A Chinese speech toolkit that actually ships working models
Parrots wraps ASR and TTS into pip-installable Python with pre-trained voices and emotional fine-tuning.

What it does
Parrots is a Python toolkit for speech recognition and synthesis with a clear focus on Chinese, English, and Japanese. It packages distilwhisper for ASR and GPT-SoVITS for TTS into one-liner initializations, plus a newer IndexTTS2 model that adds emotional control. You can pip-install it, point at a HuggingFace speaker model, and generate audio without training anything yourself.
The interesting bit
The emotional control in IndexTTS2 is unusually granular.
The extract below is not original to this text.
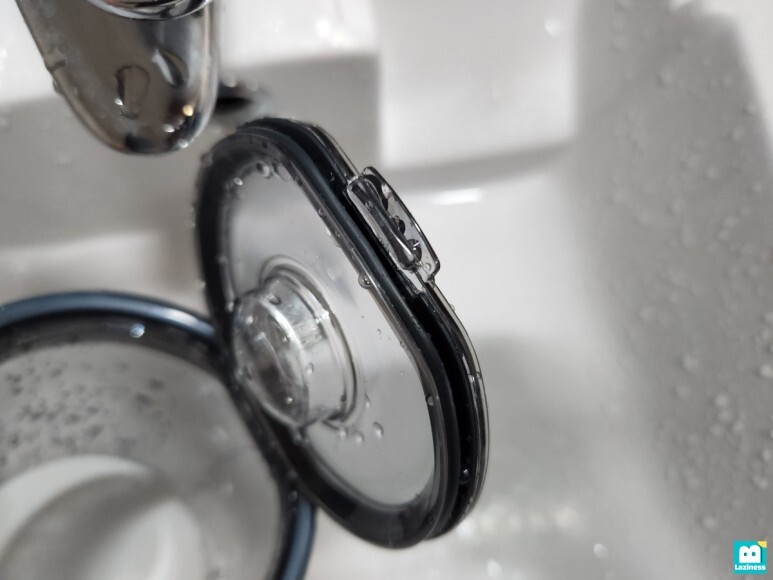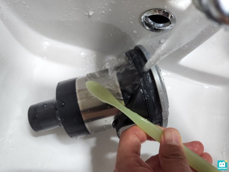 수도꼭지를 틀어 물을 아래로 흐르게 하면서 칫솔로 여기저기 깨끗하게 씻어줍니다. 상단 고무패킹이 있는 곳도 칫솔로 꼼꼼히 씻고, 금속 필터쪽도 꼼꼼히 씻어 줍니다.

You can feed it a separate emotion reference audio, tweak an 8-dimensional emotion vector (happy, angry, sad, scared, disgusted, gloomy, surprised, calm), or let it infer mood from the text itself. There’s even pinyin mixing for precise pronunciation control in Chinese — useful when standard characters produce ambiguous readings.
Key highlights
- One-line ASR:
SpeechRecognition().recognize_speech_from_file("foo.wav")returns{"text": "..."} - Pre-trained speaker personas including “singing female anchor” and “game male anchor” voices
- Streaming TTS with configurable chunk size for real-time scenarios
- CLI entry points:
parrots asr file.wavandparrots tts "text" out.wav - Emotion decoupled from speaker identity: same voice, different moods via
emo_alphaor reference audio
Caveats
- The README claims “high accuracy” but offers no benchmarks or comparison numbers
- Pinyin control is explicitly noted as not supporting all possible pinyin combinations
- Setup still requires manual PyTorch install before
pip install parrots
Verdict Worth a look if you need Mandarin TTS with emotional range and don’t want to wrestle with model checkpoints yourself. Skip if you need rigorous accuracy metrics or production SLAs — this is a convenience wrapper, not a research benchmark.